5. Friend People; Don't Sell Them Stuff: Don't friend people, have
them accept and then try to sell them something within five minutes.
Nothing will make me "de-friend" someone faster.
Visit your personal home page when you log into Facebook. Your home
page houses the all-important feed. Once you have some friends, start
paying attention to what shows up in your feed. I received a bunch of
interesting articles from one friend and learned how to post my own
links that will show up in other's feeds.
Now, I get people to visit my site, and they've decided to come
because they're interested in what I'm saying. One friend recently
posted about how an article I wrote helped her troubleshoot her PC.
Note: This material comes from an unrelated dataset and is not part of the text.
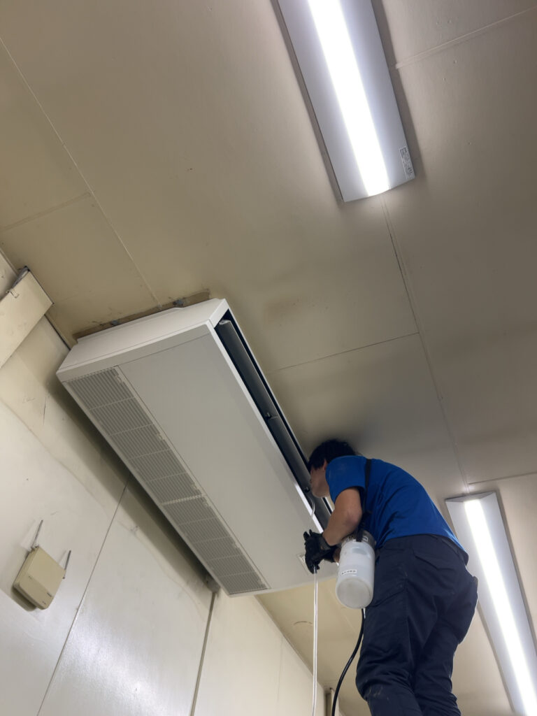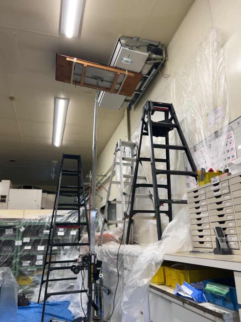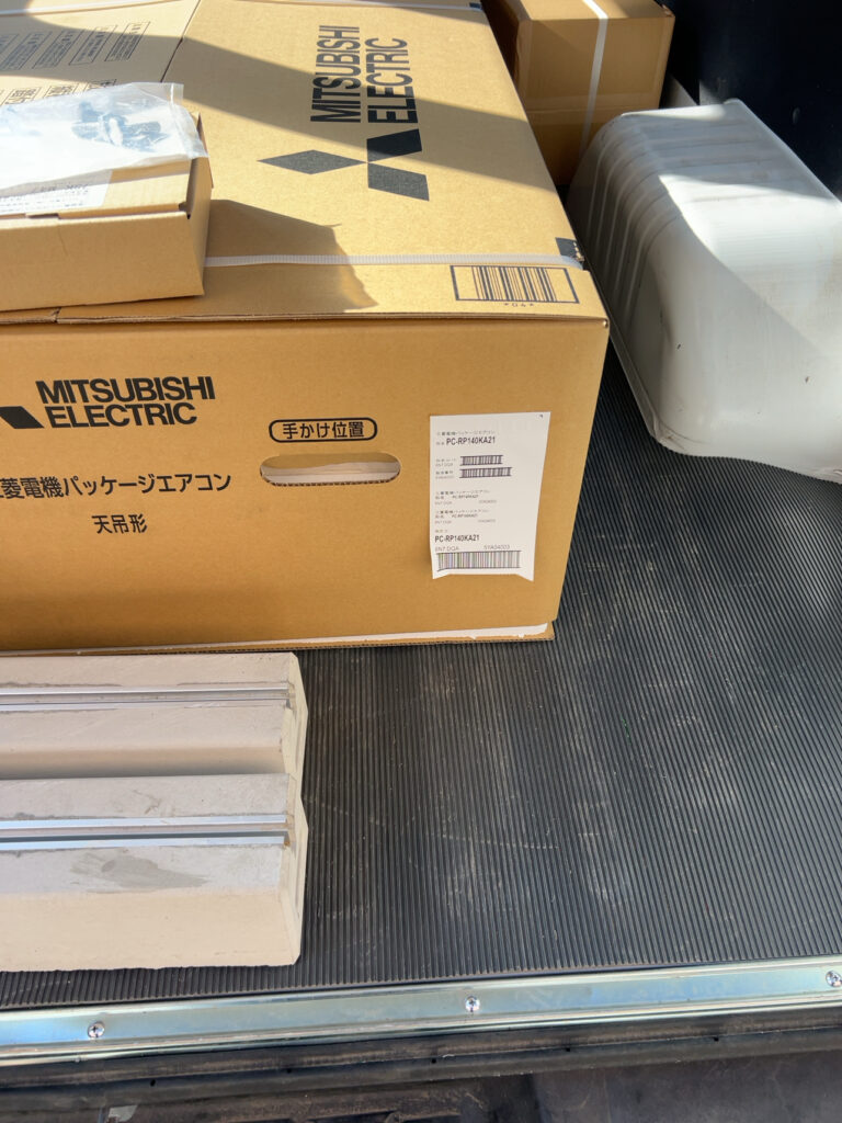 こんにちは!ハイテック空調です、今回のお仕事は業務用天吊型エアコン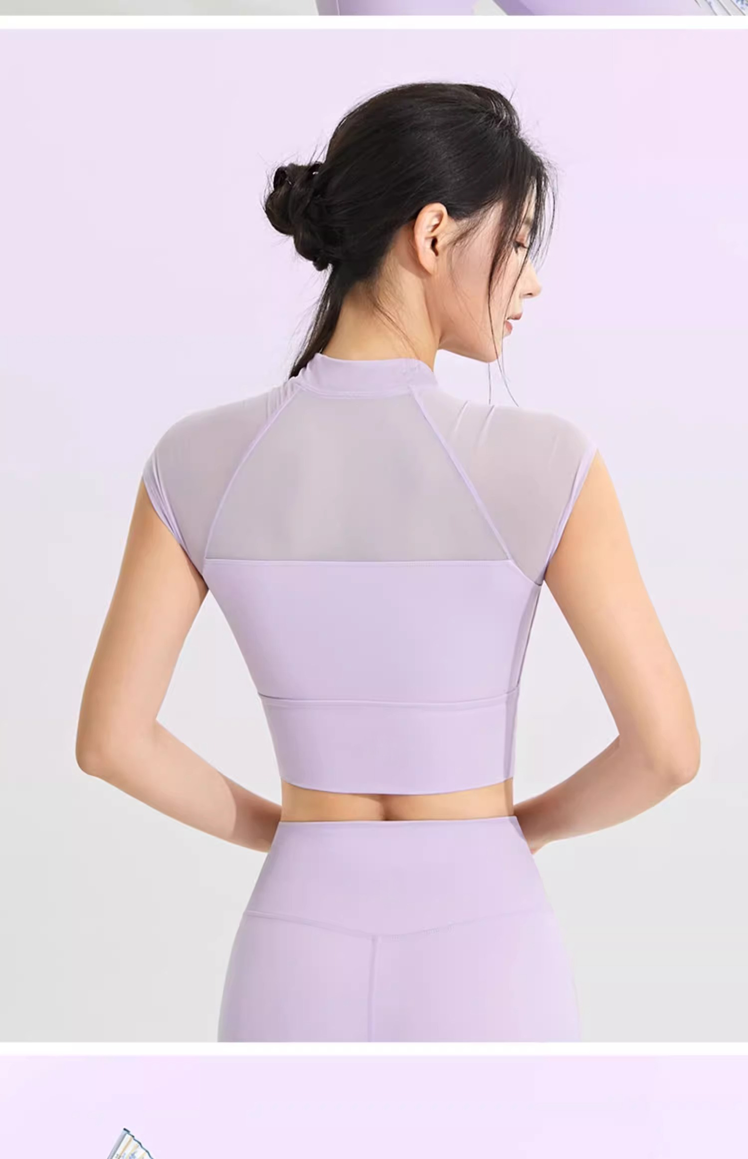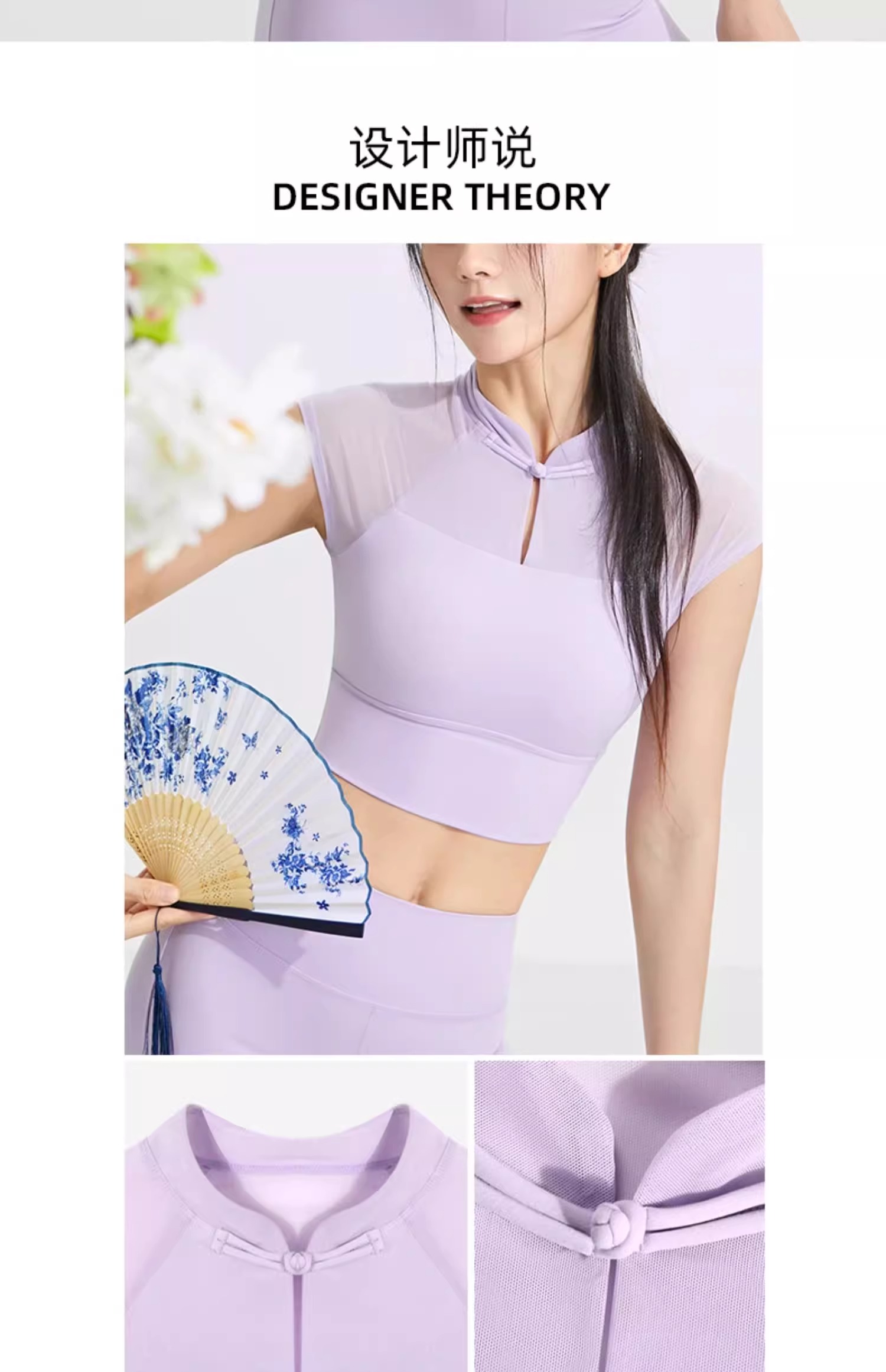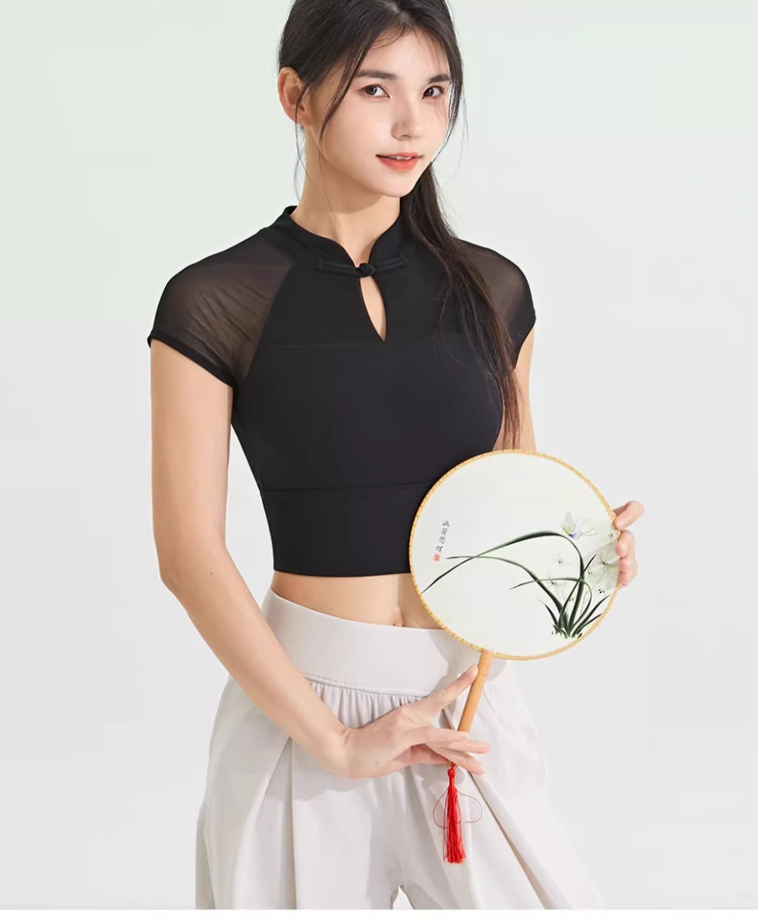 跃牌【禅语梵心】国风网纱性感运动短袖内衣女春夏速干休闲t恤WX2558

Here's the other thing. If your friends hate what shows up in their
feeds, they can give it a thumbs down and they won't get feed bits
like that in the future. If you thumbs up and thumbs down the items in
your personal feed, then Facebook will get to "know" you and what you
want to see there.
I hope this article spares you some Facebook pain. The other day, I
sent out a post to a group of 20 friends. What I did not realize is
that every time a person responded, an email was sent to the entire 20
people. Yikes! How annoying for them. I looked pretty dumb, but I
thankfully have understanding friends. All the same, I won't be using
that feature again anytime soon.
Deborah Ager is owner of Click Wisdom, a Maryland internet marketing firm. She works with professional speakers and “green” companies to increase website traffic. If you’d like to discover basic and cutting-edge online marketing strategies, sign up for her free Wise Clicks online marketing newsletter.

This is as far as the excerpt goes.